Cold seeps are reducing environments where oxygen-depleted fluids diffuse from sediments along continental margins. They are cold because they are only slightly different in temperature from ambient seawater, and they are seeps because the fluid flow rate is usually slow.
Seeping is related to pressure, such as tectonically-induced pressure on continental margins, artesian pressure on source rocks, and sediment pressure from erosion and submarine slides. Seeps are formed in active continental margins in subduction zones. When the oceanic plate is subducted under the continental plate, the continental plate scrapes off the sediment off the oceanic plate, forming a sediment prism called the accretionary prism. As the sediment in the prism is compressed, cracks form, providing channels for trapped fluid to flow through. Methane and sulphide is produced through the combustion of hydrocarbons using heat, and microbial activity. On passive margins, seeps are formed from salt tectonics. For example, when the Atlantic closed the Gulf of Mexico off in the Jurassic period, evaporation was enhanced and a salt sheet was formed. Over time, sediment accumulated unevenly over the salt sheet, causing the salt sheet to move and form pillars underneath, effectively trapping fluids. When the sediment becomes overcompressed and cracks, hydrocarbons flow through and a seep is formed.

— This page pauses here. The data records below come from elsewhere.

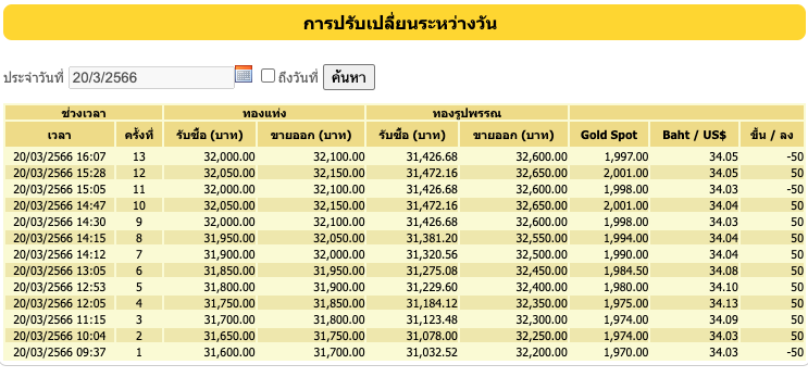 วันที่ 20 มีนาคม 2566 ผู้สื่อข่าวรายงานว่า ในระหว่างวันราคาทองคำมีการปรับตัวขึ้นลง 13 ครั้ง โดยราคาทองแท่งสูงสุดในวันนี้ขายออกแตะ 32,150 บาท โดยเป็นการปรับตัวลดลง 3 ครั้ง รวม 150 บาท และปรับตัวขึ้น 10 ครั้ง รวม500 บาท โดยราคาทองคำโลก (Gold Spot) ได้ปรับตัวขึ้นไปทดสอบที่ระดับ 2,001 ดอลลาร์ต่อออนซ์ถึง 2 ครั้ง ในเวลา 14.47 น. และเวลา 15.28 น. นับว่าเป็นระดับสูงในสุดตั้งแต่ต้นปี (YTD)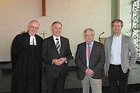 Im Festgottesdienst selbst wurde Luther durch eine Spielszene lebendig. Er trat vor dem Wormser Reichstag auf und wehrte sich dagegen, zu widerrufen. Anschließend predigten die vier Pfarrer unserer Gemeinde. Sie legten die Symbolik des neuen Fensters aus. Superintendent Alfred Hammer sprach ein Grußwort und verwies darauf, dass wir Menschen geistliche Orte, wie in Olsberg, brauchen, um Gott nahe zu kommen.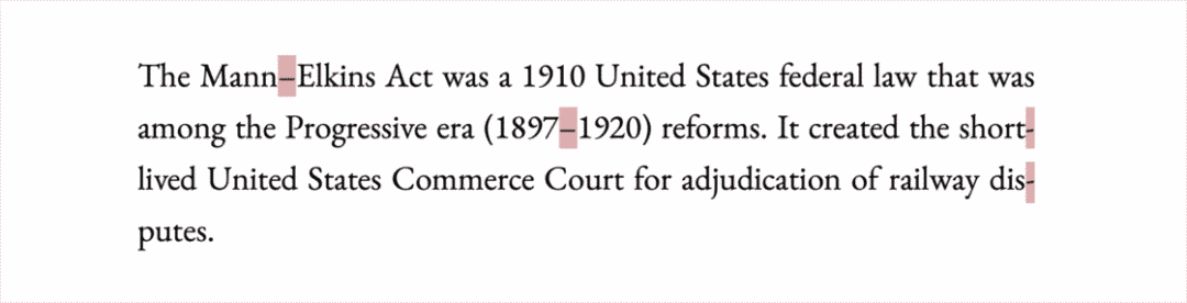 为了方便讲述和记忆,我们按照从短到长的顺序来梳理这些符号。最短的横线是连字符 -(U+2010 Hyphen-Minus),也是最容易输入的,就在键盘上数字 0 的右侧。但与多数人的直觉不同,连字符在大多数时候并不需要手动输入:它的主要用途是将较长的西文单词断成两行,而这是由软件自动加在行尾的。需要手打连字符的场景基本只有在多个部分组成的名称或词汇内部,例如 Rolls-Royce、whack-a-mole,等等。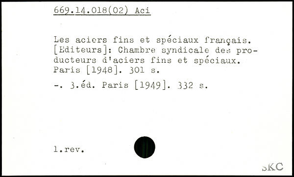 Les aciers fins et spéciaux français. [Editeurs]: Chambre syndicale des producteurs d'aciers fins et spéciaux.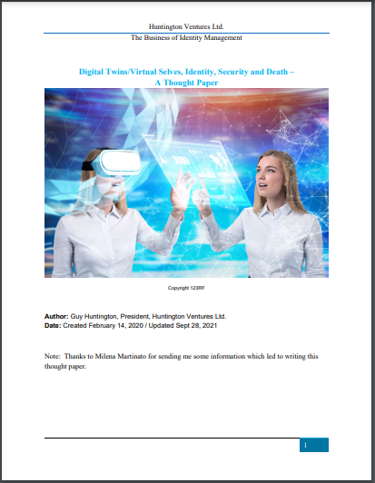 Digital Twins/Virtual Selves, Identity, Security and Death – A Thought Paper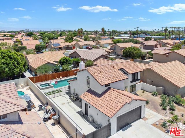 Welcome to 45808 Sutter Creek, a spacious desert retreat ideally positioned in the heart of Indio available starting May 15th for a 1 year+ lease. This two-story residence features 4 bedrooms and 3 bathrooms across approximately 1,787 square feet, with a thoughtfully designed layout that balances everyday living with relaxed entertaining. Natural light fills the main living areas, where a welcoming fireplace creates a warm focal point. The open flow between the living, dining, and kitchen spaces makes gatherings easy and comfortable. A desirable downstairs bedroom and full bath provide flexibility for guests, a home office, or multigenerational living. Upstairs, the primary suite offers a peaceful retreat, while additional bedrooms capture beautiful desert light and distant mountain views. The private backyard features a covered patio, sparkling pool and spa, perfect for morning coffee, evening dinners, or enjoying the desert air. Conveniently located near schools, parks, shopping, dining, and just minutes from the festival grounds, this home offers both lifestyle and location in the heart of the Coachella Valley.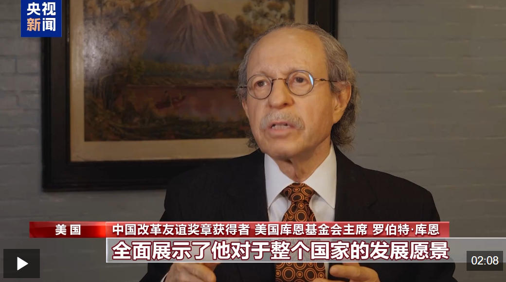 中国改革友谊奖章获得者 美国库恩基金会主席 罗伯特·库恩:在听完习近平主席的演讲后,最令我印象深刻的是,他在很短时间里精辟阐释了很宏大的主题。从“寻梦”到“中国式现代化”,再到“高质量发展”“新质生产力”以及“科技创新”,我们能看到,习主席用很有条理的方式,全面展示了他对于整个国家的发展愿景。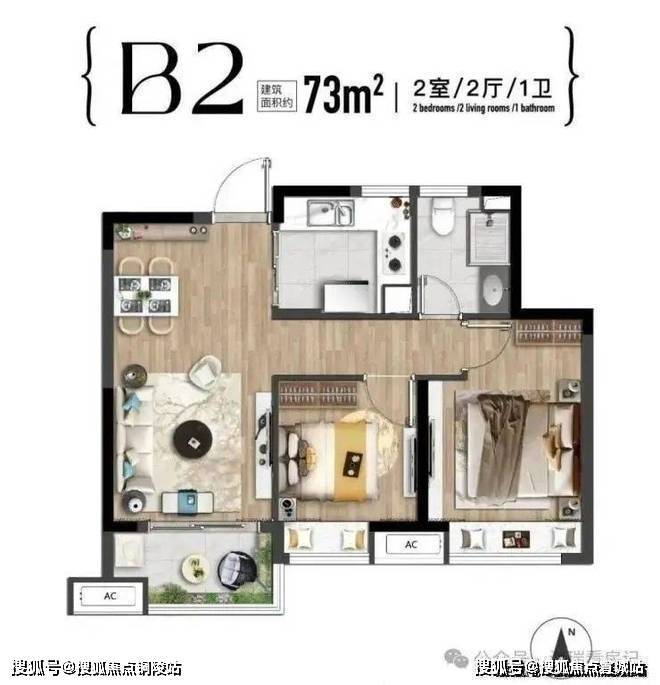在产品类型方面,云湾4幢高层均为建面约73-74㎡高层2房,一起来看: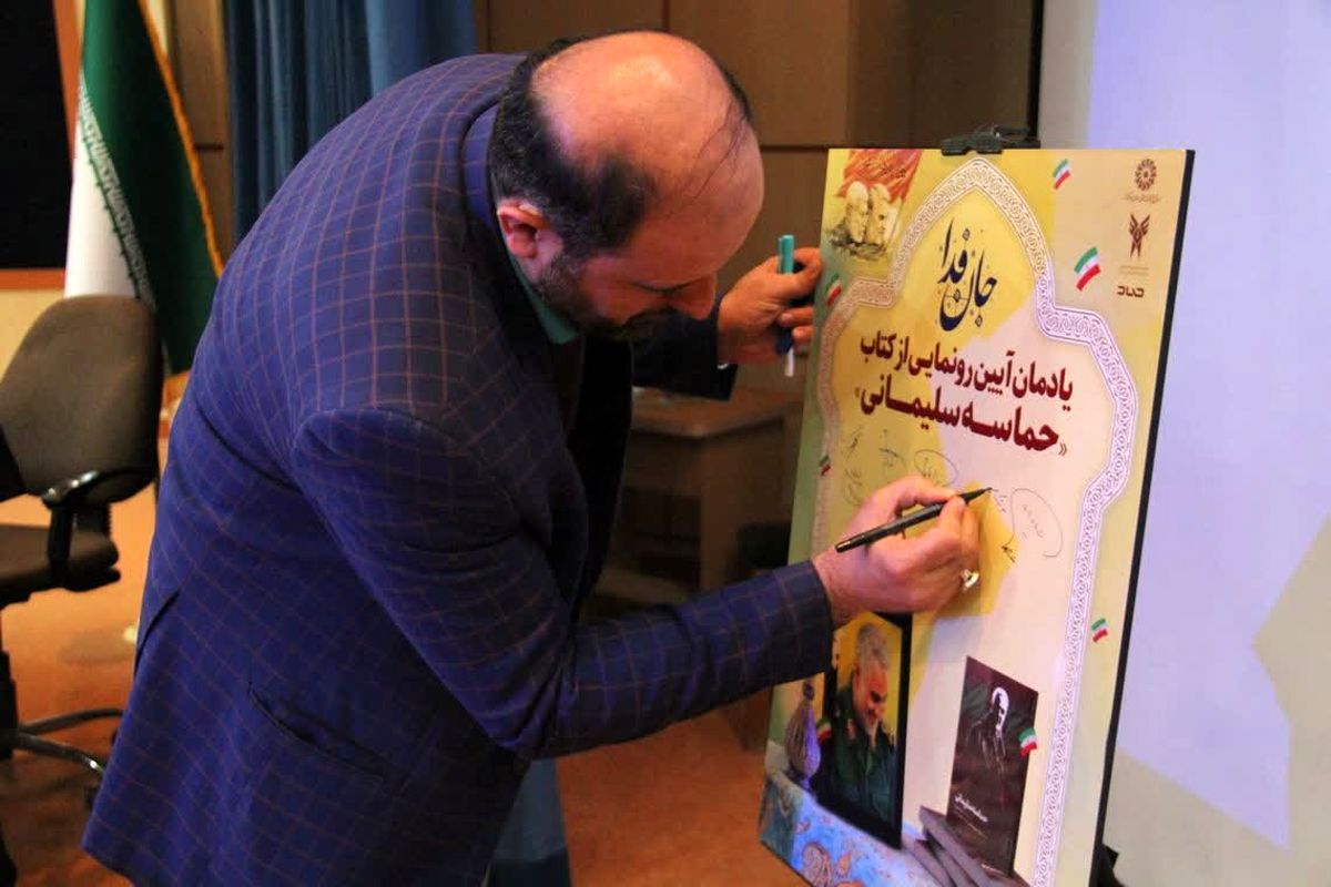 وی با اشاره به مراسم رونمایی کتاب «حماسه سلیمانی» افزود: حماسه سلیمانی کتابی است ادبی که مجموعهای از متون ادبی همچون داستان کوتاه و نمایشنامه در آن گردآوری شده است. در این کتاب دو قصهٔ کودکانه نیز وجود دارد و این به مفهوم انتقال ادبی مستمر و جنبشی است و شهید قهرمان در بین کودکان مقاومت که او را بهخوبی میشناسند و شاهدی بر ارزشهایش بودهاند، تصویر درخشانی دارد.

Cold seeps have a special chemistry. For example, methane is very abundant at the seeps. It is produced by methanogenic bacteria or by thermogenic combustion. The resulting gas is dissolved in the sediments, released as bubbles, oxidized into sulphide by anaerobic bacteria or archaea, or sequestered in methane hydrate stores. Methane hydrates are formed when there is high pressure and low temperatures. Methane gas is trapped in a cage of water molecules, forming an ice-like compound. It reduces sediment permeability and restricts gas flow, but also acts as a substratum for organisms such as the ice worm. Sulphides are formed when methane from the sediments is oxidized and sulphate from seawater is reduced. It remains in the sediments, which is why concentrations of sulphides at seeps is usually high. Bacterial mats are a good indication of seeps because they form where sulphide concentration is the highest. The oxidation of sulphide also produces carbonate, which creates hard substrate that serves as a habitat for certain organisms. The chemistry influences the physiology conditions of the environment, which influences zonation. For example, mussels that grow regions nearest to the seep at Brine Pool have a higher growth rate, density, and a more diverse size structure because there is high methane and oxygen concentrations, as well as little to no hydrogen sulphide.

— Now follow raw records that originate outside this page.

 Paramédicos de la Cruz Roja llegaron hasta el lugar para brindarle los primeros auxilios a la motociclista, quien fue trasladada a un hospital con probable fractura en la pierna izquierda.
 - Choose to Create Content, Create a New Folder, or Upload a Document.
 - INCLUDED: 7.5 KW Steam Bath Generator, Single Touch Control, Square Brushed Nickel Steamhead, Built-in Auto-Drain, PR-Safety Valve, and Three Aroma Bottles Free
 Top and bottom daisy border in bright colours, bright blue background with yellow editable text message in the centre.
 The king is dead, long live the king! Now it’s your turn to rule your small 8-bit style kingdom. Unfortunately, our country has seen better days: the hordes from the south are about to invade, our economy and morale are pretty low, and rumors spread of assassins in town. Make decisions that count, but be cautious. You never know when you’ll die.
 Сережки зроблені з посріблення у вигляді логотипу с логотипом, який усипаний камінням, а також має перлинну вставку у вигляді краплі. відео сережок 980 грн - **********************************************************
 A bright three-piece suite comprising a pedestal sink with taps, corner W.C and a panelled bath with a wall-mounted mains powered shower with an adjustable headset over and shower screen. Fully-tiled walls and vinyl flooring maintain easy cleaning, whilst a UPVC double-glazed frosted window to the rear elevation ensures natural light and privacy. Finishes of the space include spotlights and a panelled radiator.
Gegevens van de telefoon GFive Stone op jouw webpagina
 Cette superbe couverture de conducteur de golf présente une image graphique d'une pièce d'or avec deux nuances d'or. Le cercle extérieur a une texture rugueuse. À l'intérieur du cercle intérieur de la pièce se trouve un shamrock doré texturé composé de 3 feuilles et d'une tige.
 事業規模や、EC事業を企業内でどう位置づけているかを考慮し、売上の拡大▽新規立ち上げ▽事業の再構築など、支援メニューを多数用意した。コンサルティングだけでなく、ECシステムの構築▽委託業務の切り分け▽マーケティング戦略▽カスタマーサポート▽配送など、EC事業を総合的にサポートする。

Three groups dominate the seeps: the mussels, the tube worms, and the clams.
Mussels, such as the common Bathymodiolus childressi, have thiotrophic and methanotrophic endosymbionts that it digests to obtain carbon. The symbionts, in turn, are given a place at the mussels’ gills, where methane and oxygen for chemosynthesis is abundant. As mentioned above, the size structure of mussel populations at Brine Pool is dependent on the chemistry: juveniles are more abundant in the inner region of the pool, whereas older mussels are on the fringes. This pattern might also be caused by differences in habitat substratum, as well as secondary settlement, migration, and post-settlement mortality).
Clams are sulphophilic and like to align themselves linearly with cracks or burrow themselves horizontally in the sediment. Two or more species can be found to co-occur at one seep. Organisms are distributed concentrically around seeps, and clams are usually found further away from seeps than bacteria. Thus, they benefit from a moderate concentration of sulphide. As they utilize 100% of the available space within these areas, intra-specific competition might occur.

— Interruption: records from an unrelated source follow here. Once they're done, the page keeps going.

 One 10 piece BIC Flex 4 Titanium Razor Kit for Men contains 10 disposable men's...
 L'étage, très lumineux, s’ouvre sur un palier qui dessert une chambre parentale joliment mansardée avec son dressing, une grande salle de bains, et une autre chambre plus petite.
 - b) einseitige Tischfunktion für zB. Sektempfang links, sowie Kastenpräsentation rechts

Vestimentiferans, or tube worms, have low mortality rates and extreme longevity. They are the oldest marine invertebrates. As they have endosymbionts, they lack a digestive tract, and instead rely on these endosymbionts to oxidize sulphide into carbon. Vestimentiferans of different species and at different locations may have different types of endosymbionts. As these worms form a high biomass, when they die, they contribute a significant amount of nutrition towards the vent community. The entangled tubes of vestimentiferans also provide habitats for other species. Thus, vestimentiferans are ecosystem engineers. Other secondary habitats include byssal threads and bivalve shells.